▸ **WHAT TO WORK ON**
Output all of the data exactly, keeping any images out of the copy.

------ AVAILABLE RECORDS

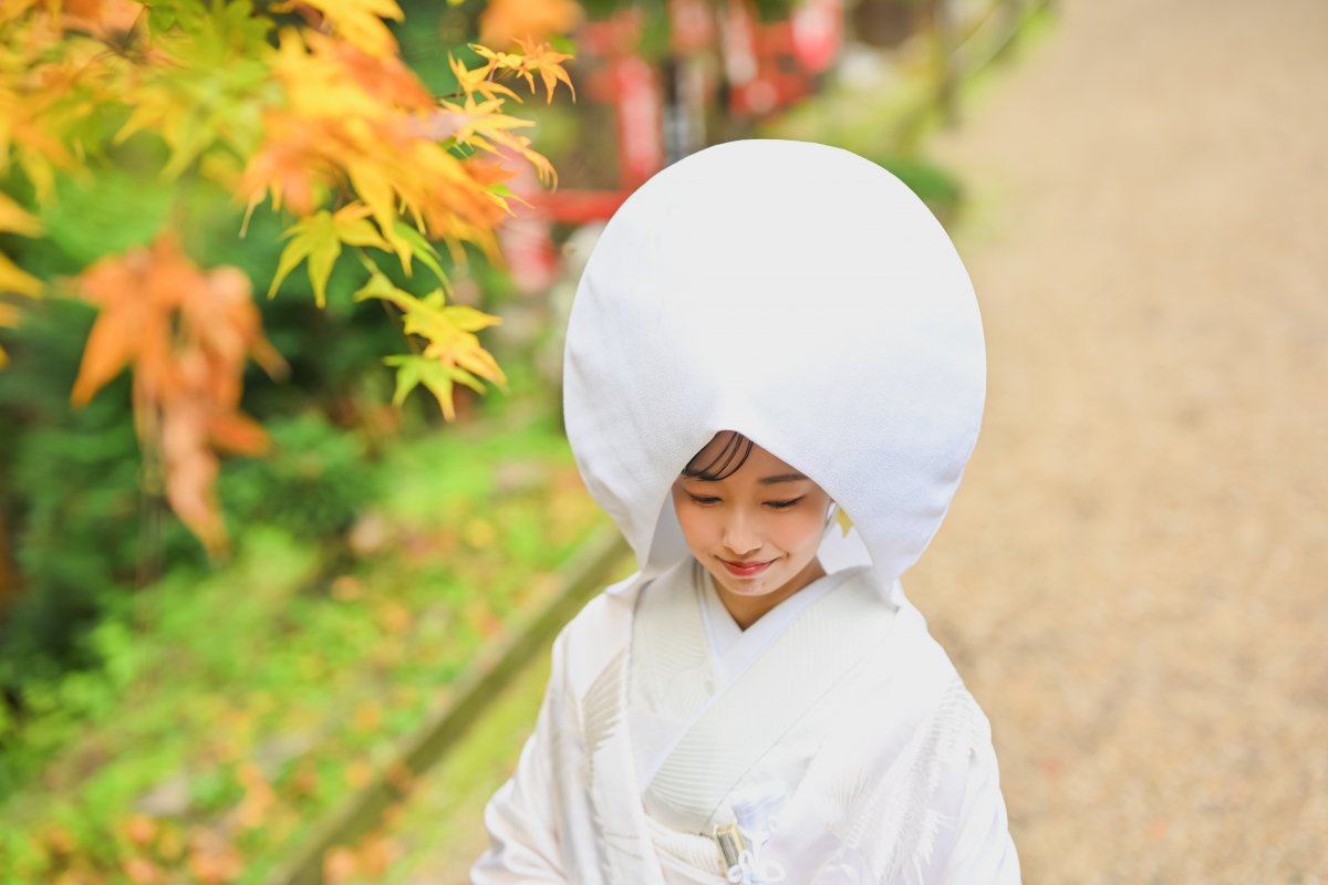 もみじの赤やオレンジに囲まれて、白無垢と綿帽子姿の花嫁さまが立つ光景は、秋ならではの特別な美しさです。白い衣装のやわらかさと紅葉の鮮やかな色合いが重なって、まるで自然の一部のように景色に溶け込んで見えます。
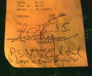 Luckily (very, very luckily), that receipt is not an artifact from my own days as a server; I just found it on Google images. I think it made headlines a few years ago. The worst tip I personally ever got was a $1.50 on a $75 bill. Oh, and it was in Canadian currency.
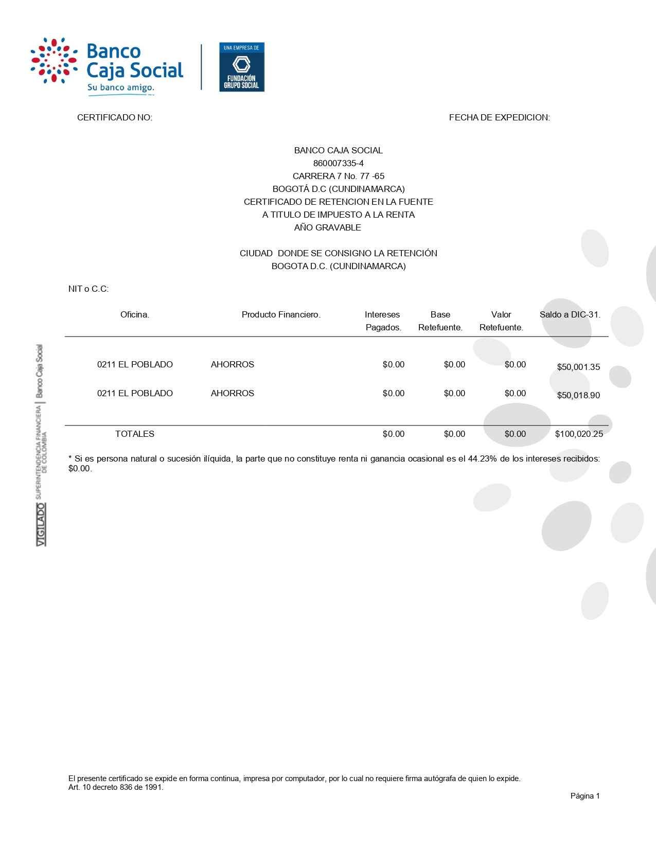 Es un documento que expide el Banco Caja Social donde puedes encontrar la siguiente información: el saldo de los productos que tenías con esta entidad, los intereses que te pagaron y la retención que te practicaron al 31 de diciembre del año gravable 2024. Como tenías productos financieros con esta entidad, te solicitamos este certificado para tu declaración del año gravable 2024.
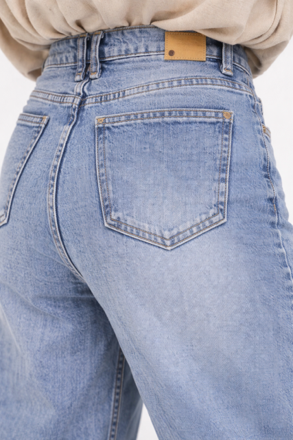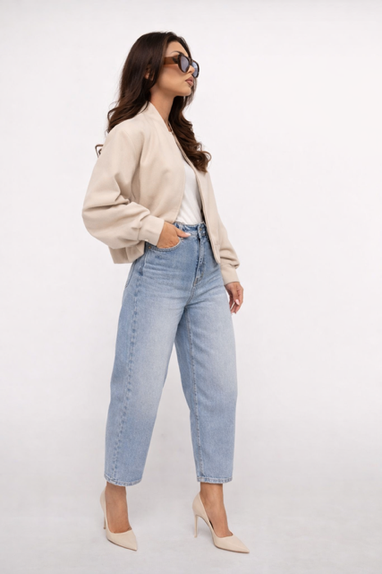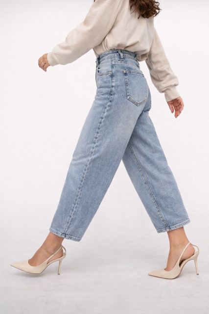 Model, który pięknie buduje proporcje sylwetki. Jeansy o kroju balonowym z wysokim stanem podkreślają talię, a jednocześnie nadają stylizacji modowego, nowoczesnego charakteru. Nogawka lekko zwężana ku dołowi sprawia, że sylwetka wygląda lekko i proporcjonalnie.
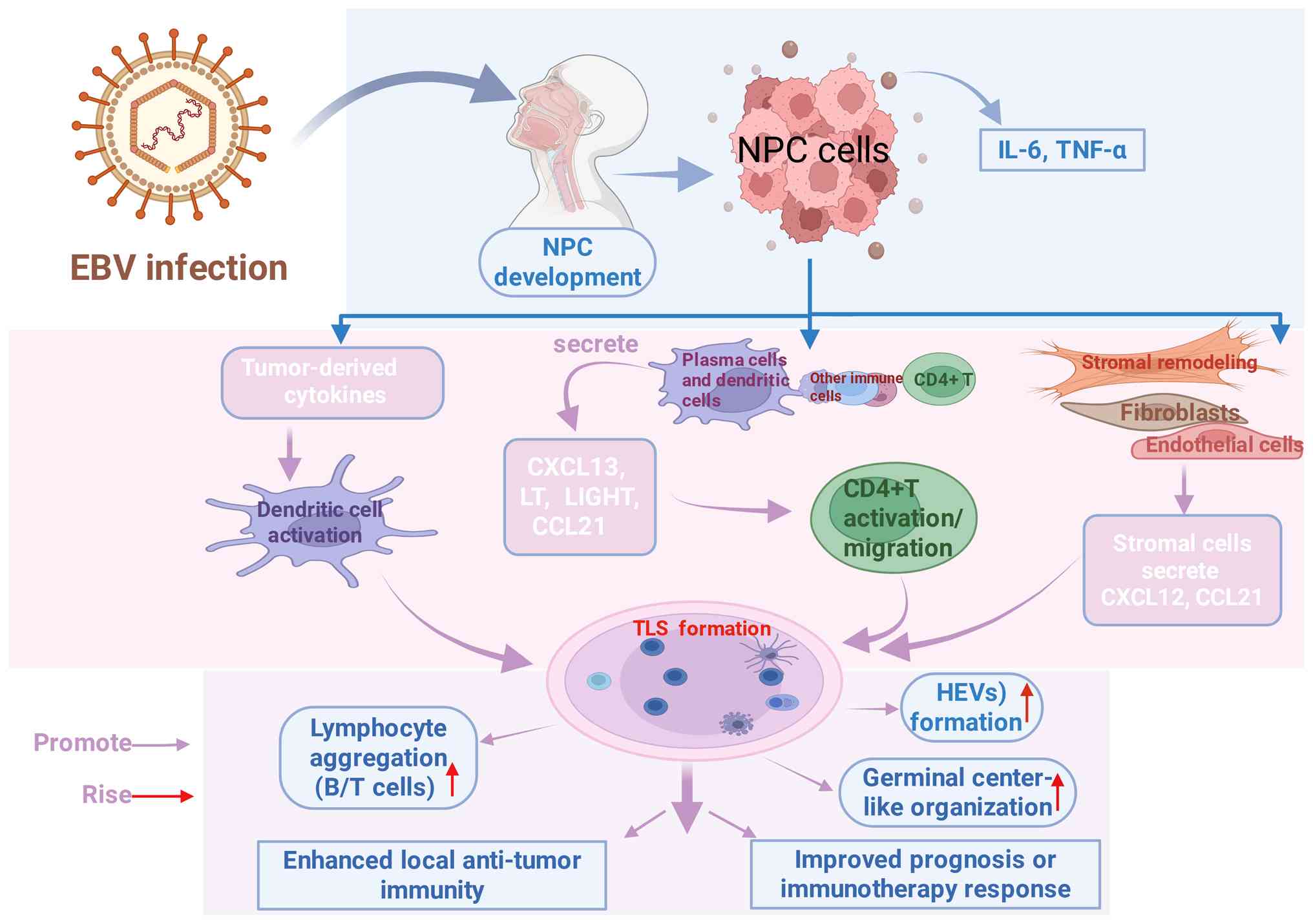 Importantly, accumulating evidence suggests that TLSs may exert a context-dependent, dual role in NPC. Mature TLSs characterized by organized B cell follicles, follicular DCs and germinal center-like structures are generally associated with effective antitumor immunity. By contrast, immature or dysregulated TLSs may harbor increased regulatory T (Treg) cells, exhausted T cells or immunosuppressive cytokine signals, potentially contributing to immune tolerance rather than immune activation. In NPC, where chronic EBV-driven inflammation persists, TLSs may dynamically shift between immune-supportive and immune-suppressive states, underscoring the need to evaluate TLS quality, maturation status and cellular composition rather than density alone (90,91).
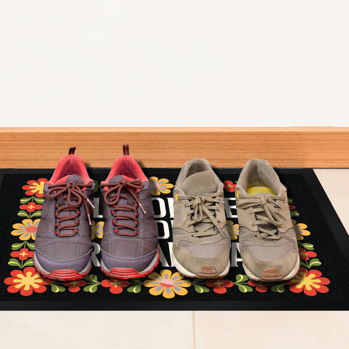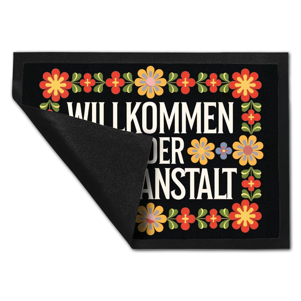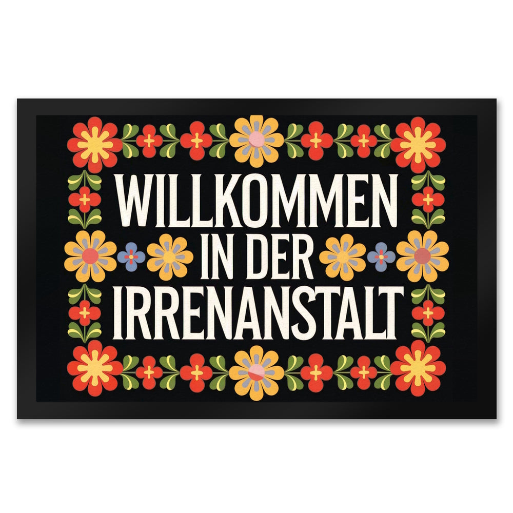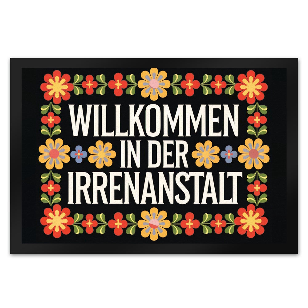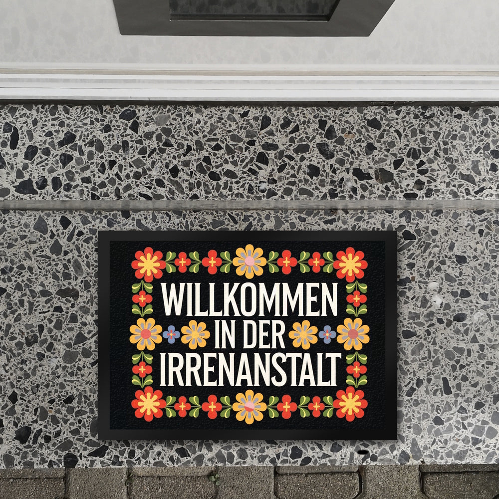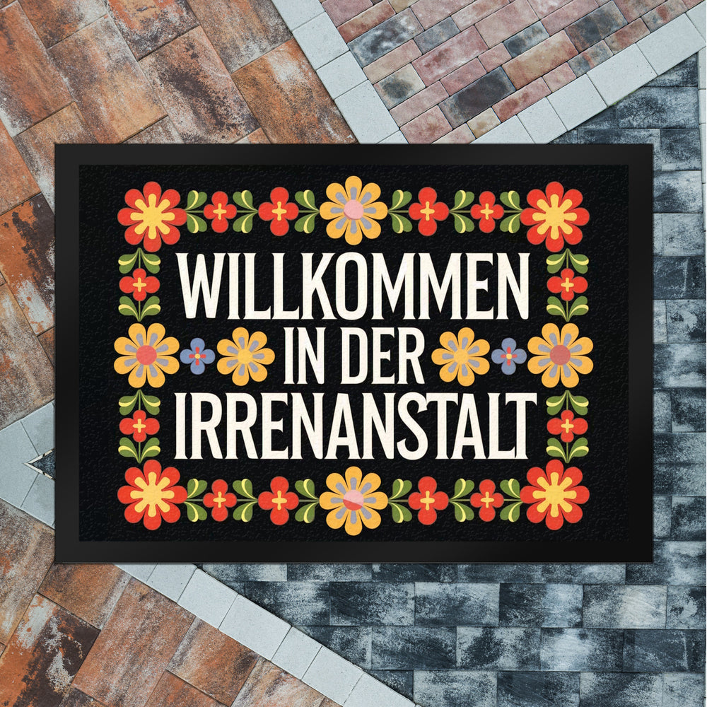 - Willkommen in der Irrenanstalt! Unsere Fußmatte begrüßt dich und deine Gäste mit einem Augenzwinkern. Sie kombiniert schwarzen Hintergrund und dekorative Schriftart mit wilden, retro-bunten Blumenornamenten. Perfekt für alle, die Humor lieben und ihren Eingangsbereich aufpeppen wollen!

------------

▸ **RESPONSE TO THE EXERCISE**
 もみじの赤やオレンジに囲まれて、白無垢と綿帽子姿の花嫁さまが立つ光景は、秋ならではの特別な美しさです。白い衣装のやわらかさと紅葉の鮮やかな色合いが重なって、まるで自然の一部のように景色に溶け込んで見えます。
 Luckily (very, very luckily), that receipt is not an artifact from my own days as a server; I just found it on Google images. I think it made headlines a few years ago. The worst tip I personally ever got was a $1.50 on a $75 bill. Oh, and it was in Canadian currency.
 Es un documento que expide el Banco Caja Social donde puedes encontrar la siguiente información: el saldo de los productos que tenías con esta entidad, los intereses que te pagaron y la retención que te practicaron al 31 de diciembre del año gravable 2024. Como tenías productos financieros con esta entidad, te solicitamos este certificado para tu declaración del año gravable 2024.
 Model, który pięknie buduje proporcje sylwetki. Jeansy o kroju balonowym z wysokim stanem podkreślają talię, a jednocześnie nadają stylizacji modowego, nowoczesnego charakteru. Nogawka lekko zwężana ku dołowi sprawia, że sylwetka wygląda lekko i proporcjonalnie.
 Importantly, accumulating evidence suggests that TLSs may exert a context-dependent, dual role in NPC. Mature TLSs characterized by organized B cell follicles, follicular DCs and germinal center-like structures are generally associated with effective antitumor immunity. By contrast, immature or dysregulated TLSs may harbor increased regulatory T (Treg) cells, exhausted T cells or immunosuppressive cytokine signals, potentially contributing to immune tolerance rather than immune activation. In NPC, where chronic EBV-driven inflammation persists, TLSs may dynamically shift between immune-supportive and immune-suppressive states, underscoring the need to evaluate TLS quality, maturation status and cellular composition rather than density alone (90,91).
 - Willkommen in der Irrenanstalt! Unsere Fußmatte begrüßt dich und deine Gäste mit einem Augenzwinkern. Sie kombiniert schwarzen Hintergrund und dekorative Schriftart mit wilden, retro-bunten Blumenornamenten. Perfekt für alle, die Humor lieben und ihren Eingangsbereich aufpeppen wollen!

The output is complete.